The immunosignature of a given individual consists of an overlay of the patterns from the binding signals of many of the most prominent circulating antibodies. Some are present in everyone, some are unique.

A 2002 reference (Molecular Biology of the Cell 4th Edition) states that there are 10^9 antibodies circulating in the blood. How can you pick up a signature on 10K peptides from this. Presumably neoAntigens from cancer cells elicit higher afifnity antibodies then self-antigens. High affiity monoclonals can be diluted hundreds of times without diminishing the signal.

The next version of the immunosignature peptide microArray under development contains over 300,000 peptides.

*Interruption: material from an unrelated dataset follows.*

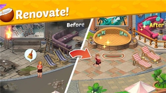 --您可以在游戏过程中收集资源,改造和重新设计海岛酒店,恢复度假村昔日的辉煌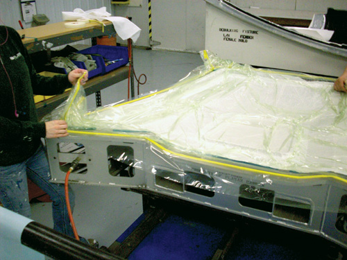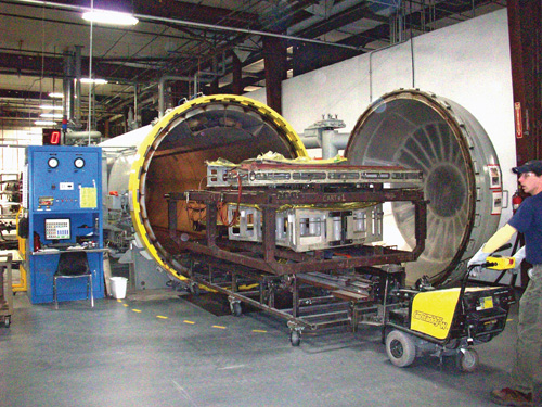 When layup is complete, the parts are vacuum bagged and moved to one of Plasan's four production-size autoclaves where, thanks to ACG's fast-cure epoxy, they cure in about 10 minutes. The total production cycle time for a hood, from layup through cure, is about 60 minutes.

The implication is that each cancer and each disease produces either different antigens and or different B cell responses to common antigens.

Since the peptides are random, you can’t align the peptides in the signature to the natural proteomic space to find out what the antibody is reacing to.

It’s a completely atheoretical approach to diagnosis, but intriguing. I’m amazed that such a small sample of protein space can produce a significant binding pattern diagnostic of anything.

It’s worth considering just what a random peptide of 17 amino acids actually is. How would you make one up? Would you choose randomly giving all 20 amino acids equal weight, or would you weight the probability of a choice by the percentage of that amino acid in the proteome of the tissue you are interested in. Do we have such numbers? My guess is that proline, glycine and alanine would the most common amino acids — there is so much collagen around, and these 3 make up a high percentage of the amino acids in the various collagens we have (over 15 at least).